Not all documents need document types. Sometimes its hard to determine what the type of a
document is or it is hard to justify creating a document type that you only need once or twice.
This is okay. As long as the types you define help you organize your collection in the way
you want, paperless is doing its job.
Tags can be used in many different ways. Think of tags are more versatile folders or binders.
If you have a binder for documents related to university / your car or health care, you can
create these binders in paperless by creating tags and assigning them to relevant documents.
Just as with documents, you can filter the document list by tags and only see documents of
a certain topic.
With physical documents, you'll often need to decide which folder the document belongs to.
The advantage of tags over folders and binders is that a single document can have multiple
tags.

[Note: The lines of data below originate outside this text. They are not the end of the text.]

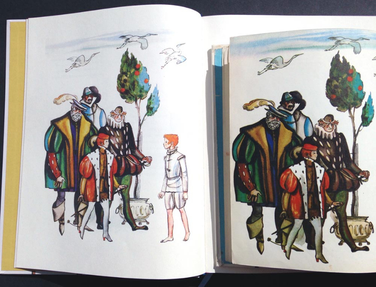 «Принца и нищего» мы выпускаем с классическими иллюстрациями Фёдора Лемкуля, но в новом формате и с новыми элементами оформления. Книга значительно больше, чем ее предшественник 1979 года. Иллюстрации Лемкуля мы очень бережно и аккуратно вписали в новую верстку. Придумали новые форзацы, нарисовали гербы и буквицы, подобрали начертания заголовков, сделали малиновые «королевские» обрезы. Иллюстраций в книге много - два десятка полностраничных разворотов и самые разнообразные по размеру рисунки. В итоге книга смотрится цельным произведением, в котором каждый элемент располагается строго на своем месте и играет свою роль в общем замысле.
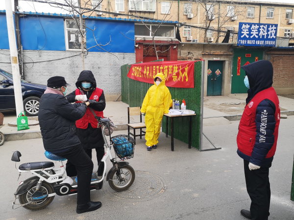 党徽闪耀最前沿,党员挺在最一线,干部站好第一班岗。活动中,学校领导主动与社区负责人联系,党员干部服从社区防控工作的统筹调配,在社区街道、福满园小区积极协助配合社区工作人员做好测量体温、出入登记、维护秩序、封堵道路等防控工作。学校组宣处、纪检监察处、后勤管理处等部门负责人,站好第一班岗,筑牢支部“主心骨”,确保了社区老旧小区有人管理、有人防护,让居民放心。鲜艳的小红帽,靓丽的红马夹为疫情笼罩的城市增添一笔生机勃勃的颜色。
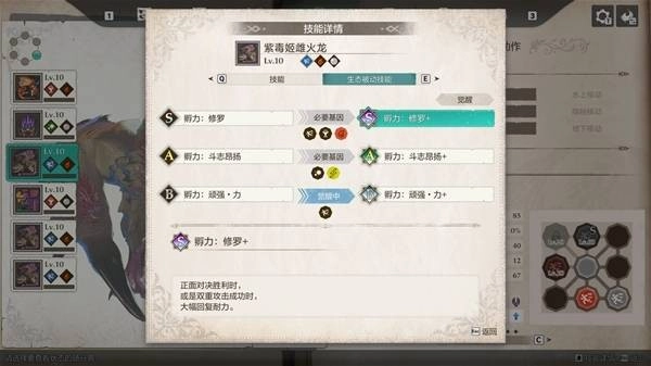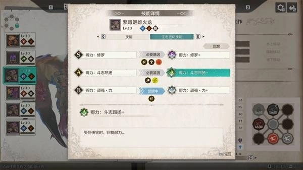 王之审判(火属性-力量类型)+ 绯红诀窍(火属性-提升全体会心)+ 烈焰风暴(火属性-速度类型) ——激活“火属性”基因连线。

A physical document cannot magically appear in two different folders, but with tags,
this is entirely possible.
.. hint::
This can be used in many different ways. One example: Imagine you're working on a particular
task, such as signing up for university. Usually you'll need to collect a bunch of different
documents that are already sorted into various folders. With the tag system of paperless,
you can create a new group of documents that are relevant to this task without destroying
the already existing organization. When you're done with the task, you could delete the
tag again, which would be equal to sorting documents back into the folder they belong into.
Or keep the tag, up to you.
All of the logic above applies to correspondents as well. Attach them to documents if you
feel that they help you organize your collection.

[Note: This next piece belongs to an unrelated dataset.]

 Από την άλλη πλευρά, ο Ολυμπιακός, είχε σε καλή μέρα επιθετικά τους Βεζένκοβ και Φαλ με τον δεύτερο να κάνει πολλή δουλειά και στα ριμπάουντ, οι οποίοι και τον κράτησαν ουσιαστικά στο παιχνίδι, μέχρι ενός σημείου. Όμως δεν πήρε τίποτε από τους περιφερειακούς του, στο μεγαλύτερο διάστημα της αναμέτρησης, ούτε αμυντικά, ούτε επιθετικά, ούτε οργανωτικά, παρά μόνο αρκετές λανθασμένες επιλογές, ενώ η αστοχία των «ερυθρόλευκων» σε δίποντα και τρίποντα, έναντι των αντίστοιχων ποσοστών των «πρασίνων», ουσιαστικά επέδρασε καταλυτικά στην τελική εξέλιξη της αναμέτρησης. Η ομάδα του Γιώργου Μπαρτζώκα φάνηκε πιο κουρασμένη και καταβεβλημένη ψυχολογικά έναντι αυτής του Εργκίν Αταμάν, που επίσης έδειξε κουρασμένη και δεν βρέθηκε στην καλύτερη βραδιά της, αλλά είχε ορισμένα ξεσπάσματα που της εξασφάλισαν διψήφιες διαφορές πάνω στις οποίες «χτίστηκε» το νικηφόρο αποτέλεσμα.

When you've started organizing your documents, create a couple saved views for document collections
you regularly access. This is equal to having labeled physical binders on your desk, except
that these saved views are dynamic and simply update themselves as you add documents to the system.
Here are a couple examples of tags and types that you could use in your collection.

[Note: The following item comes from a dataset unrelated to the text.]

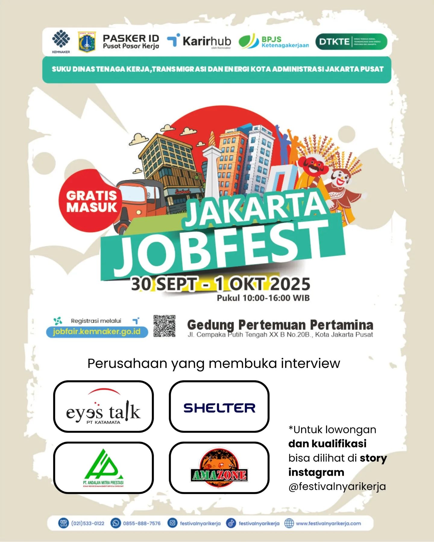 Yuk, bareng-bareng ke Jobfest Jakarta Pusat, bertempat di;

* An ``inbox`` tag for newly added documents that you haven't manually edited yet.
* A tag ``car`` for everything car related (repairs, registration, insurance, etc)
* A tag ``todo`` for documents that you still need to do something with, such as reply, or
perform some task online.
* A tag ``bank account x`` for all bank statement related to that account.
* A tag ``mail`` for anything that you added to paperless via its mail processing capabilities.
* A tag ``missing_metadata`` when you still need to add some metadata to a document, but can't
or don't want to do this right now.
.. _basic-usage_searching:
Searching
#########
Paperless offers an extensive searching mechanism that is designed to allow you to quickly
find a document you're looking for (for example, that thing that just broke and you bought
a couple months ago, that contract you signed 8 years ago).
When you search paperless for a document, it tries to match this query against your documents.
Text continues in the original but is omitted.